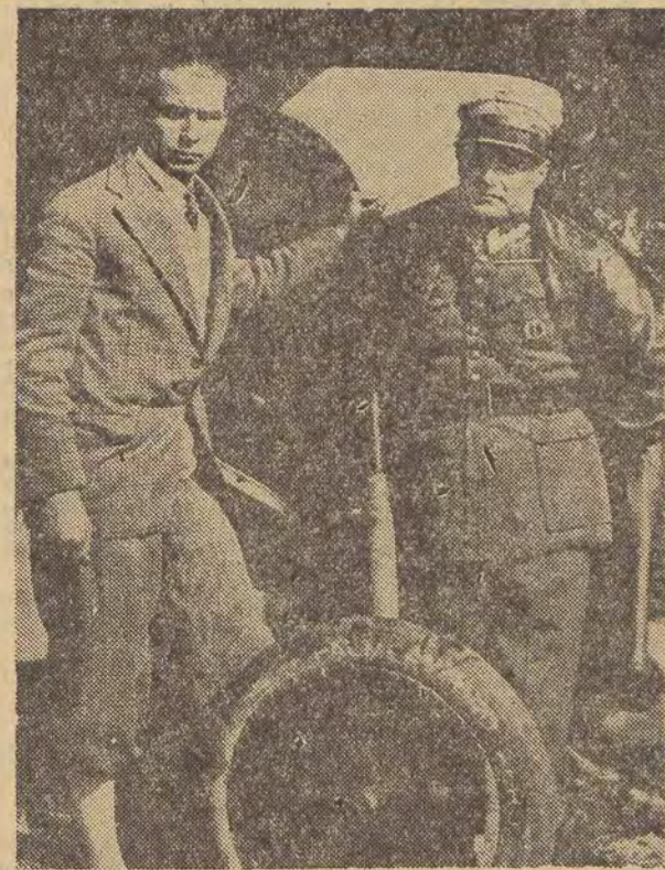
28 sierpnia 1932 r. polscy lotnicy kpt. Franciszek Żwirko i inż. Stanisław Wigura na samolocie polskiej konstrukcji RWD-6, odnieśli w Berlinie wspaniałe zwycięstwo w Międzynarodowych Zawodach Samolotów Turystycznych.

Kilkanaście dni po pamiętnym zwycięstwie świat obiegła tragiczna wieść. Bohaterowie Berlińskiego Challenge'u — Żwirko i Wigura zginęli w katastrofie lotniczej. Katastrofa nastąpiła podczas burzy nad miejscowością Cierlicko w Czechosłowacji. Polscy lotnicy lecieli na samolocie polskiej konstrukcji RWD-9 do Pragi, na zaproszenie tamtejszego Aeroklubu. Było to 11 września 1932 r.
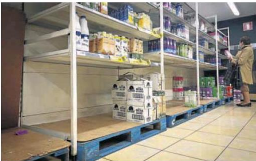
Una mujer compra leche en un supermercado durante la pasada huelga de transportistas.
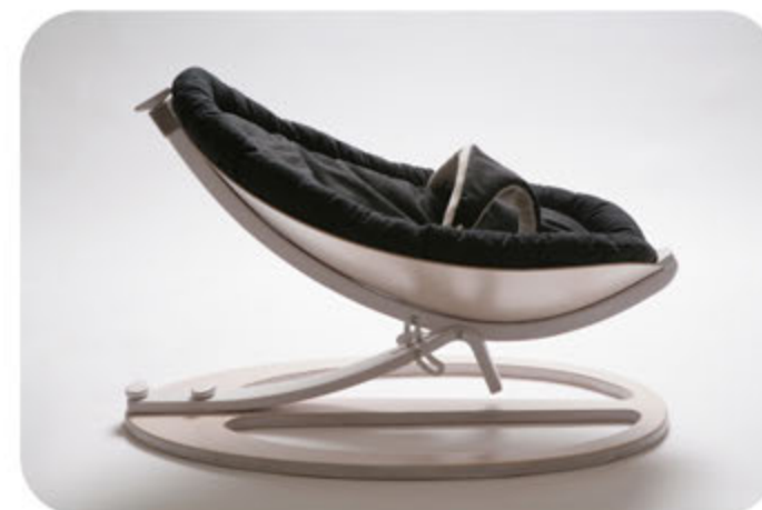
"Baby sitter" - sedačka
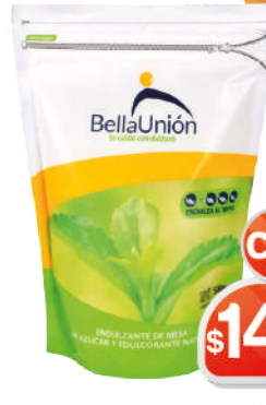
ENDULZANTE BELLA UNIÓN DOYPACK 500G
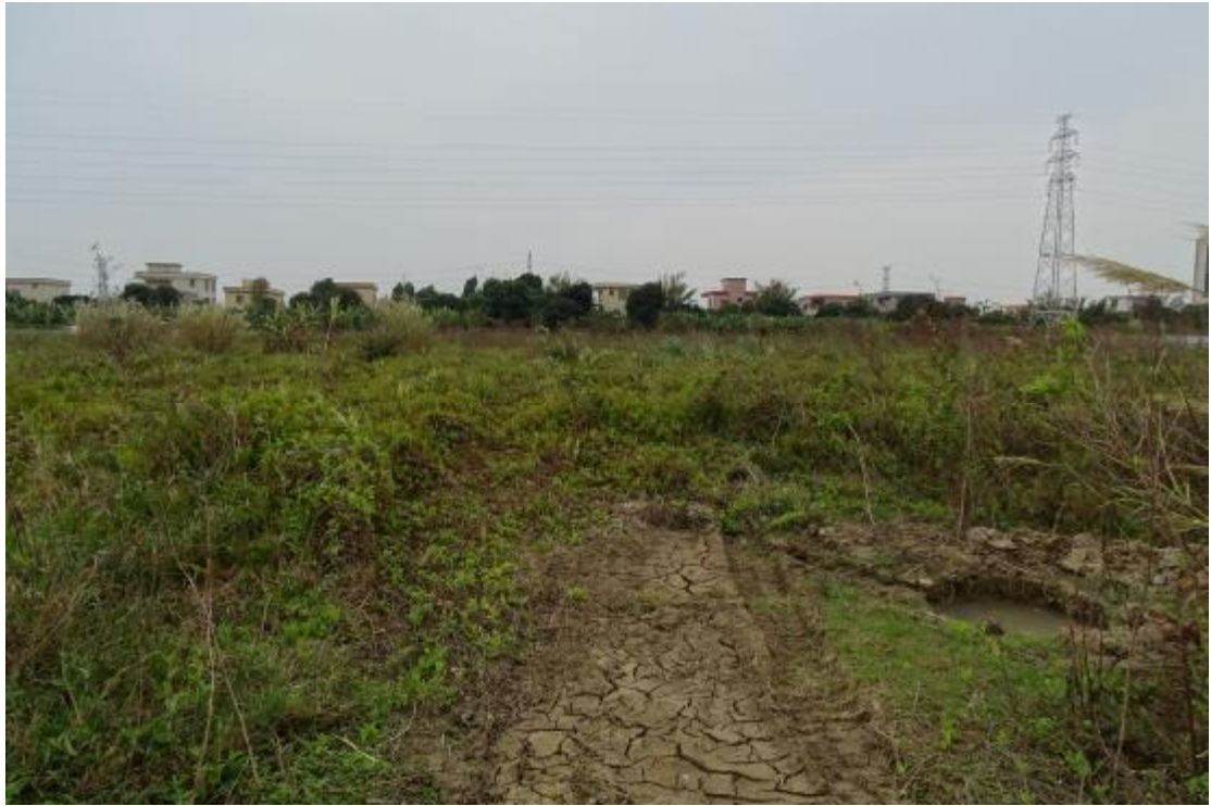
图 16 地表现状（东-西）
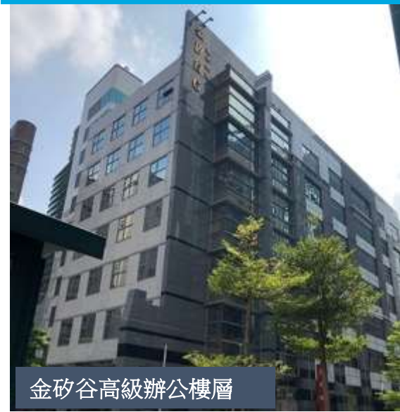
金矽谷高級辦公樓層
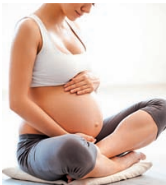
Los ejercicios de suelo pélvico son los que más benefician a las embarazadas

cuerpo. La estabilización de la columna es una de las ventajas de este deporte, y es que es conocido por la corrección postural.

**EXERCISE:** The expected output is the exact run of lines from the one containing "Una mujer compra" through the final line of the data above, both ends included, with no pictures.

**TASK SOLUTION:**
Una mujer compra leche en un supermercado durante la pasada huelga de transportistas.
"Baby sitter" - sedačka
ENDULZANTE BELLA UNIÓN DOYPACK 500G
图 16 地表现状（东-西）
金矽谷高級辦公樓層
Los ejercicios de suelo pélvico son los que más benefician a las embarazadas

cuerpo. La estabilización de la columna es una de las ventajas de este deporte, y es que es conocido por la corrección postural.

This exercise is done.